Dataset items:
*** Begin section ***

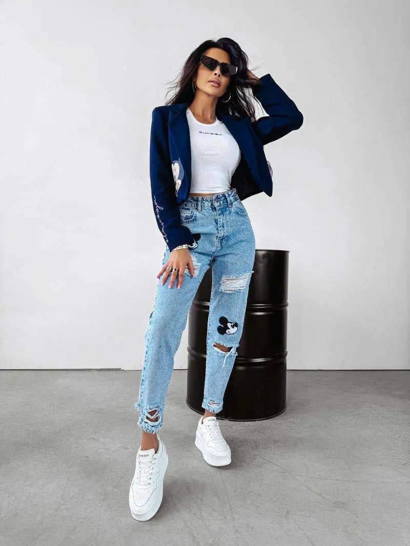 Die Vorderseite ist mit einem lustigen Mickey-Mouse-Aufdruck und einer dezent platzierten OLV-Stickerei verziert, was ihm einen einzigartigen Charakter verleiht.
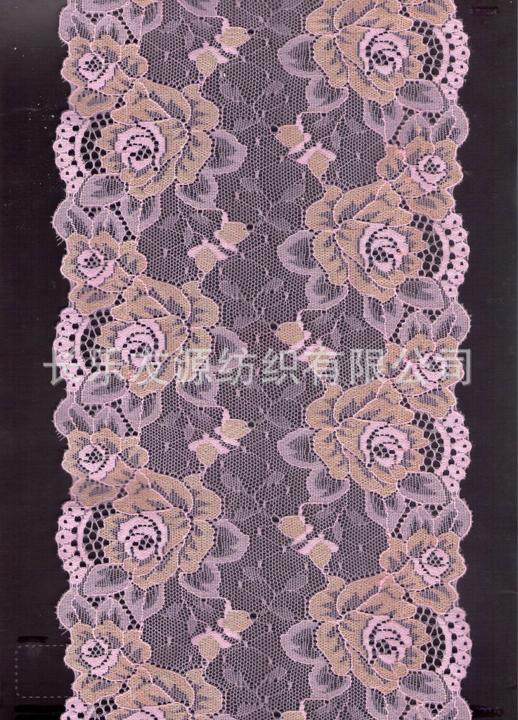 我公司专业生产中高档弹力蕾丝面料、蕾丝花边、网布。蕾丝系列产品多样化,有:弹力蕾丝面料、无弹蕾丝面料、有弹花边、无弹花边、电脑贾卡压纱版、提花花边、金银线花边、双色压纱花边、眼睫毛花边、棉纱蕾丝面料等。产品的风格潮流独特,花型高贵典雅,质量优良稳定,赢得了广大客户的一致好评。其中,压纱、骨线、剪线、金线、银线、双色、睫毛、棉绒产品,花型别致,立体感强,成为女性服装面料辅料的绝佳搭配,也是服装设计的精华所在。欢迎您来函来电订购,真诚与您合作!
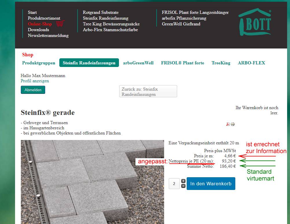 1. Bei der Angabe: Sie haben x Produkte im Warenkorb, würde dort vielleicht stehen "Sie haben 52 Produkte im Warenkorb" was sehr verwirrend wäre, weil der Kunde nur zwei Pakete Randeinfasungen und ein Paket Bewässerungssäcke bestellt hat (3 Produkte).
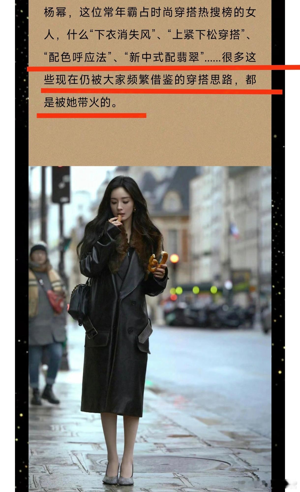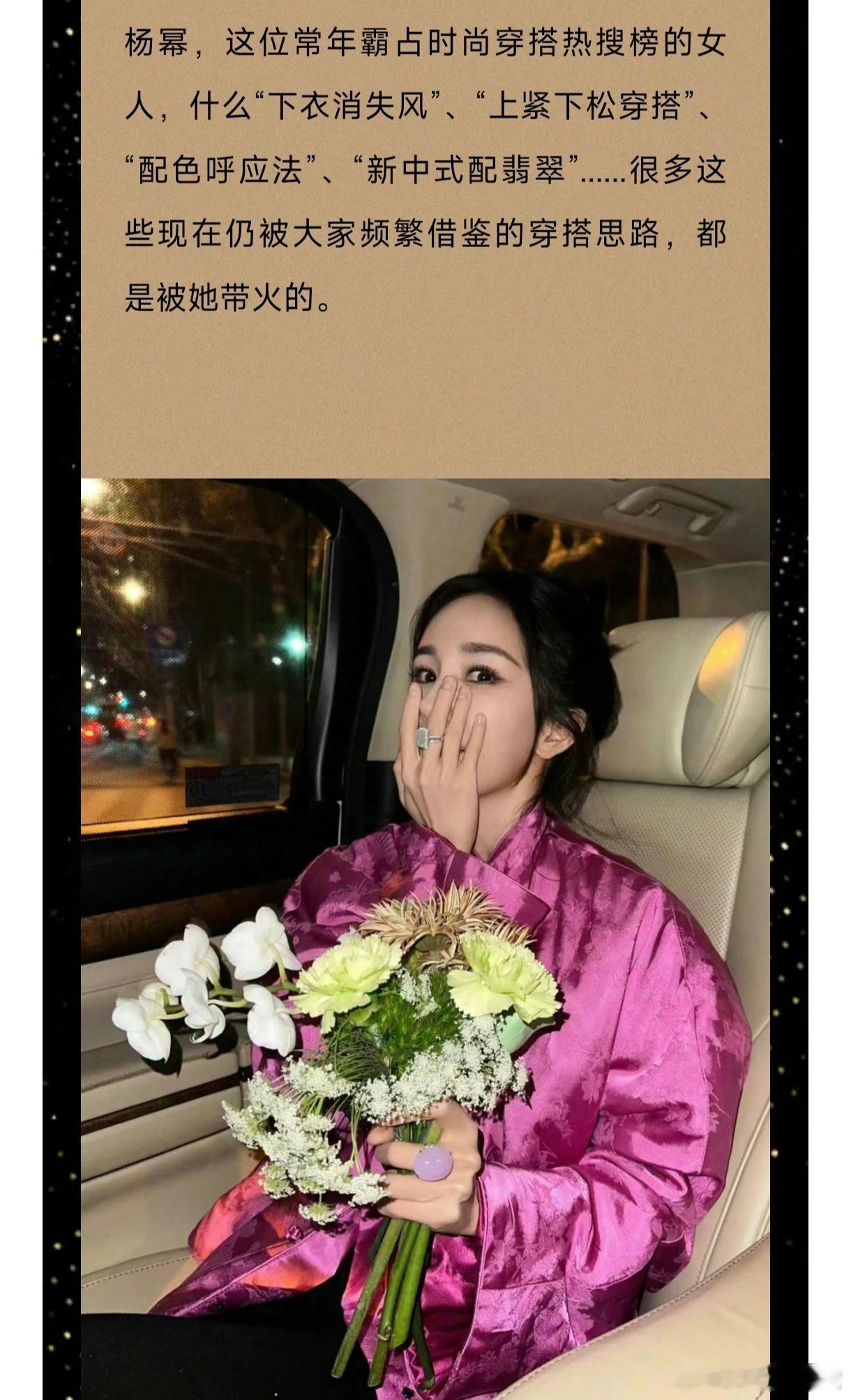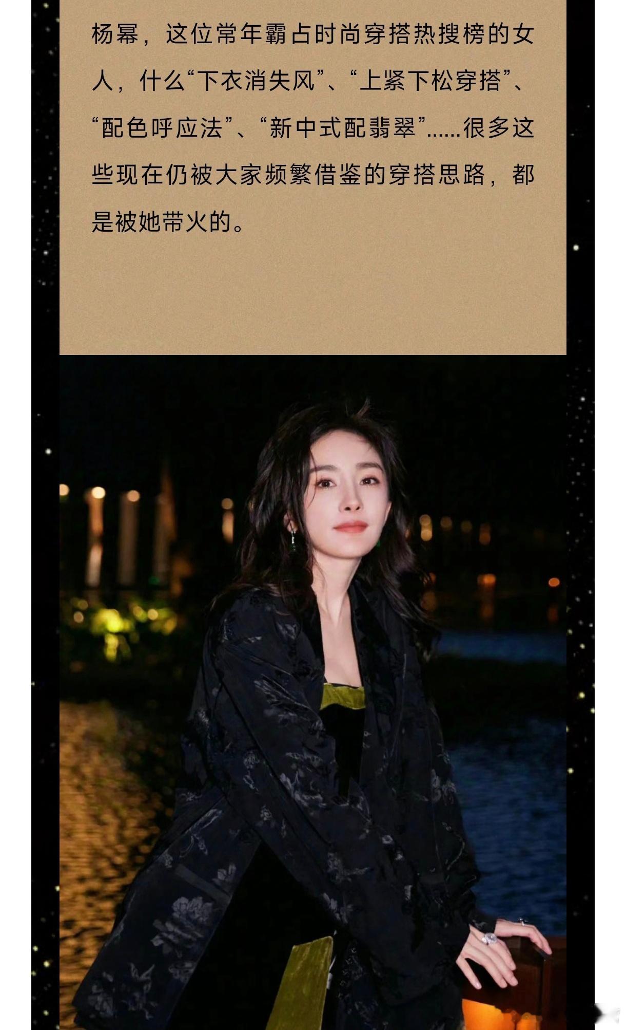 什么“下衣消失风”、“上紧下松穿搭”、“配色呼应法”、“新中式配翡翠”......很多这些现在仍被大家频繁借鉴的穿搭思路,都是被杨幂带火的!
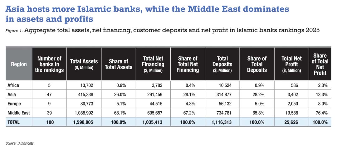 The TABInsights 2025 Islamic Banks Rankings underscore the resilience and growth of global Islamic banking. Middle Eastern banks, especially in Saudi Arabia, the UAE, Kuwait and Qatar, lead in scale, profitability and financial strength, while Asian markets, including Malaysia, Indonesia and Pakistan, are emerging growth hubs, expanding financial inclusion and market sophistication.
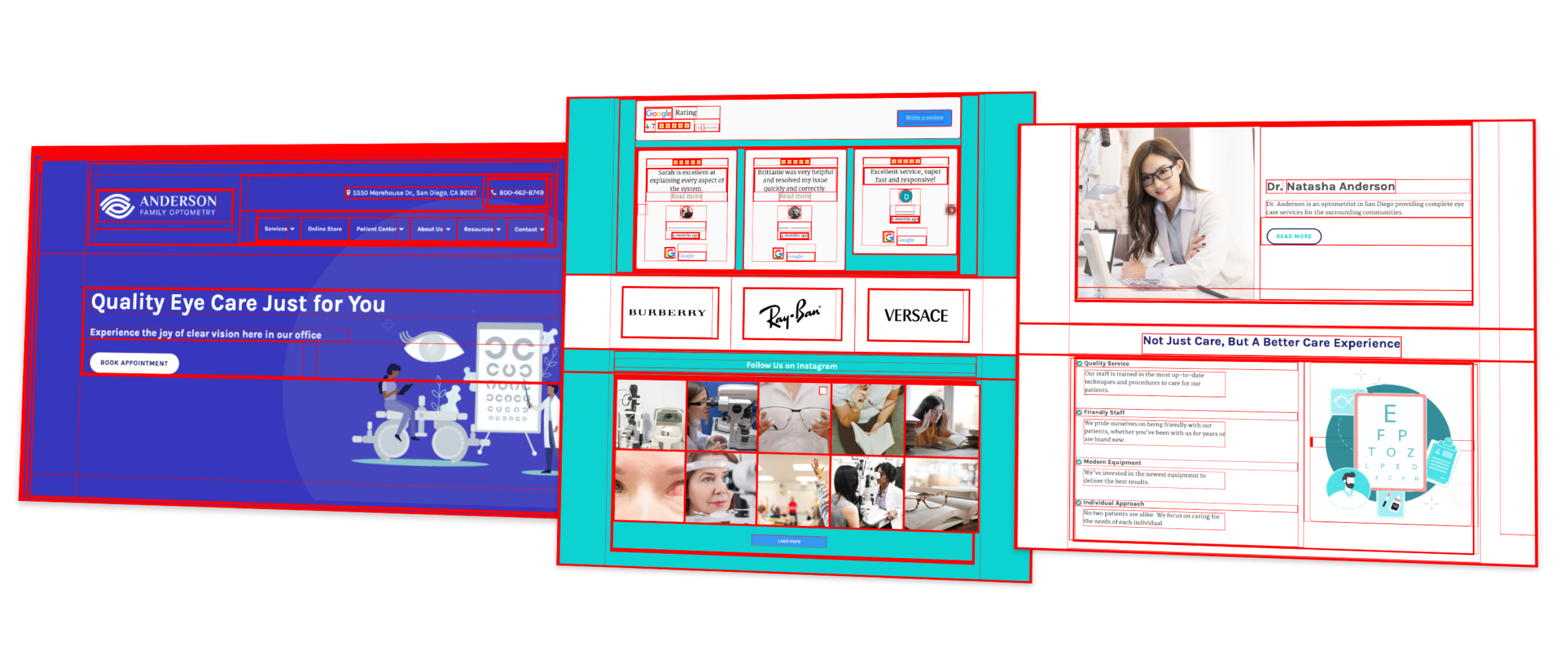 In the provided illustration, I applied various CSS values to emphasize the framework of each component, employing a red border. This approach facilitated the identification of areas requiring enhancement, such as element overlap or undesired spacing discrepancies. The highlighted purple segments serve as clear instances of inconsistent margins. This comprehensive audit unveiled instances of undefined CSS attributes and the absence of a preferred spacing standard, such as the widely recognized 8-point spacing system (multiples of 8px).
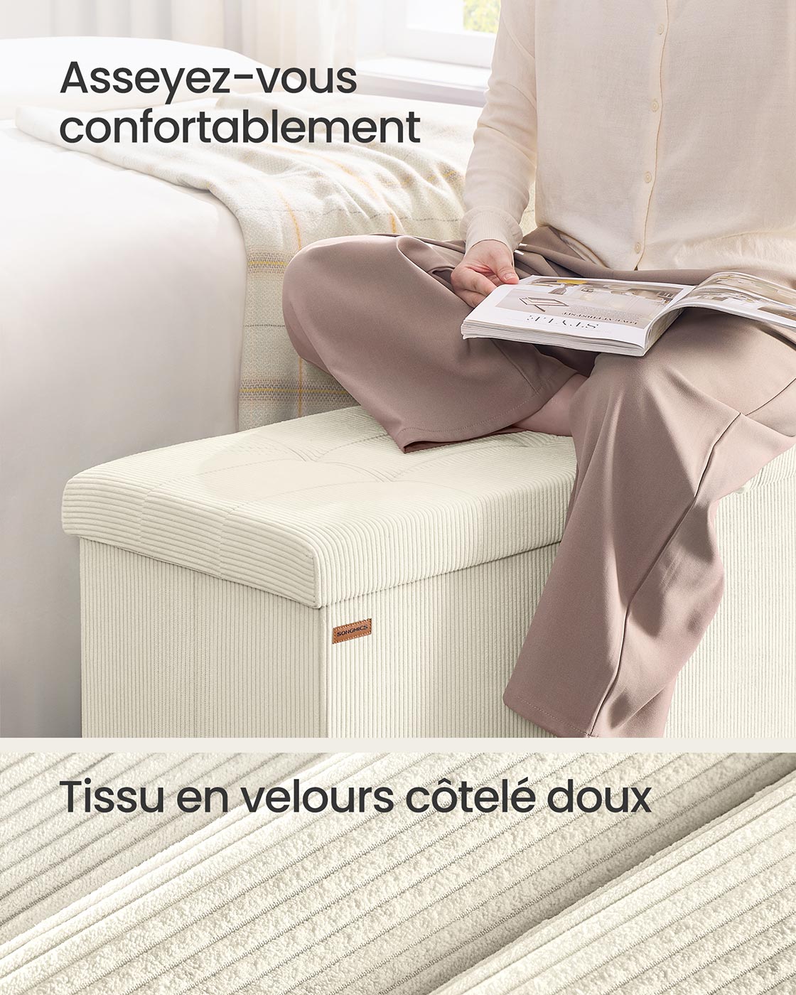 Matériaux : Panneau MDF, velours côtelé, mousse haute résilience 25D
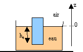 La poussée d'archimède est la résultante des forces de pression ; son module est égal au poids apparent du volume d'eau déplacé. Pa = rev (g - g ). La poussée due à l'air est négligée. L'équilibre du cylindre de volume total V, dans le repère de l'ascenceur s'écrit : ve est le volume du cylindre immergé.
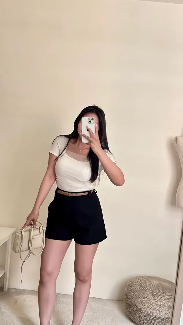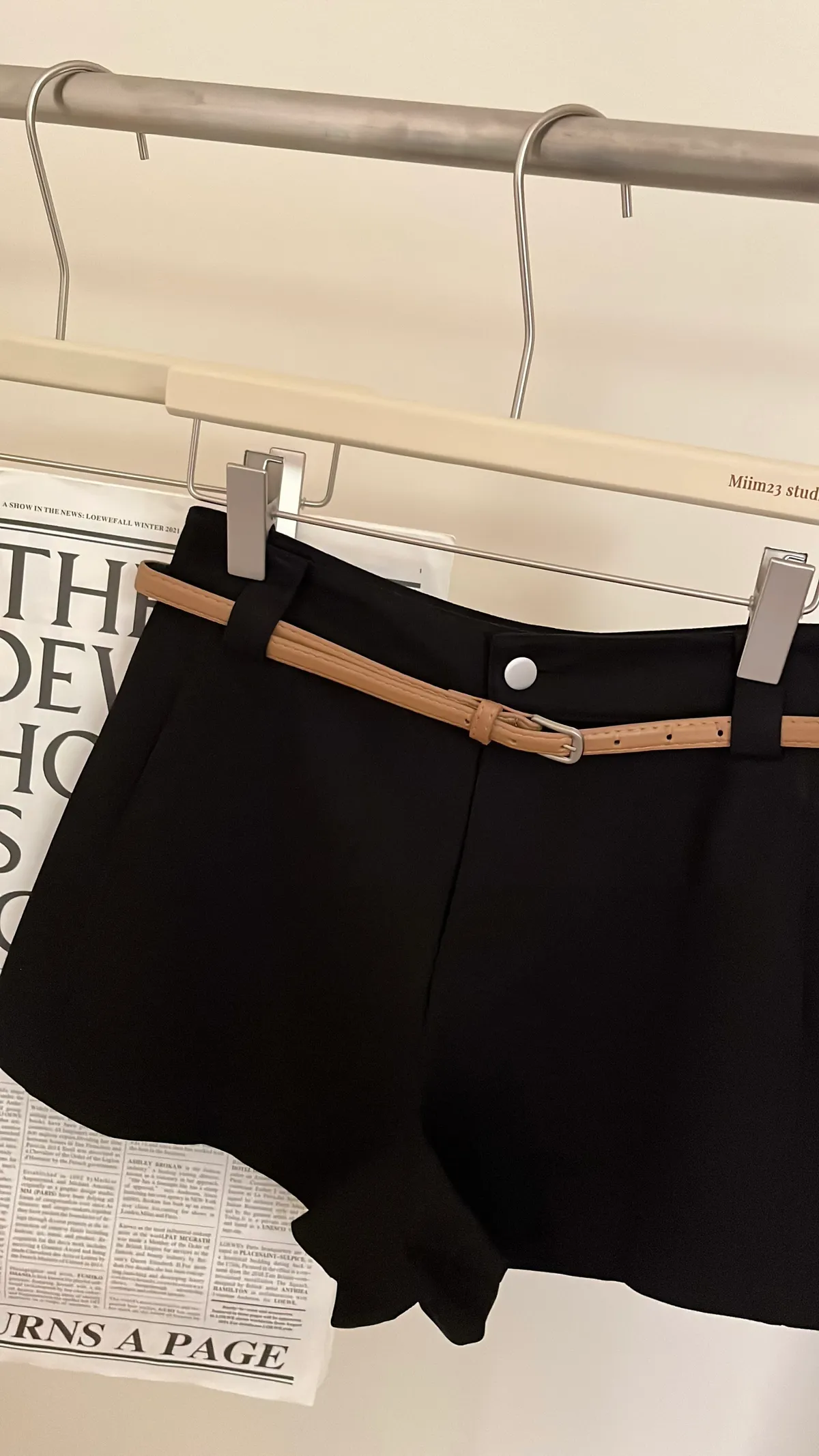 衣櫃長青單品!俐落修身高腰短褲+皮帶🌟
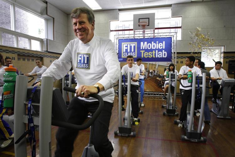 WOENSDAG - Burgemeester Opstelten van Rotterdam doet samen met een paar scholieren een conditietest. Hij geeft hiermee het startschot voor Fitclass binnen het onderwijs. Die campagne moet een oplossing bieden voor overgewicht onder jongeren.
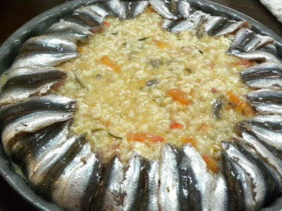 Αυτό το θαυμάσιο και μοναδικό ριζότο μαγειρεύεται πρώτα κανονικά και μετά καλύπτεται με τα φιλέτα του γαύρου και ψήνεται στο φούρνο. Το ριζότο απορροφά τη γεύση του γαύρου, όσο ψήνεται, και γίνεται ένα νοστιμότατο και χορταστικό γεύμα! Όσοι νηστεύετε και θέλετε να το φτιάξετε του Ευαγγελισμού ή την Κυριακή των Βαΐων, μπορείτε να παραλείψετε τη φέτα.

*** End section ***

Each line from the one containing "Matériaux : Panneau" through the final line of the data must be reproduced exactly, both ends included, with no pictures in the copy.

→ Task solution
 Matériaux : Panneau MDF, velours côtelé, mousse haute résilience 25D
 La poussée d'archimède est la résultante des forces de pression ; son module est égal au poids apparent du volume d'eau déplacé. Pa = rev (g - g ). La poussée due à l'air est négligée. L'équilibre du cylindre de volume total V, dans le repère de l'ascenceur s'écrit : ve est le volume du cylindre immergé.
 衣櫃長青單品!俐落修身高腰短褲+皮帶🌟
 WOENSDAG - Burgemeester Opstelten van Rotterdam doet samen met een paar scholieren een conditietest. Hij geeft hiermee het startschot voor Fitclass binnen het onderwijs. Die campagne moet een oplossing bieden voor overgewicht onder jongeren.
 Αυτό το θαυμάσιο και μοναδικό ριζότο μαγειρεύεται πρώτα κανονικά και μετά καλύπτεται με τα φιλέτα του γαύρου και ψήνεται στο φούρνο. Το ριζότο απορροφά τη γεύση του γαύρου, όσο ψήνεται, και γίνεται ένα νοστιμότατο και χορταστικό γεύμα! Όσοι νηστεύετε και θέλετε να το φτιάξετε του Ευαγγελισμού ή την Κυριακή των Βαΐων, μπορείτε να παραλείψετε τη φέτα.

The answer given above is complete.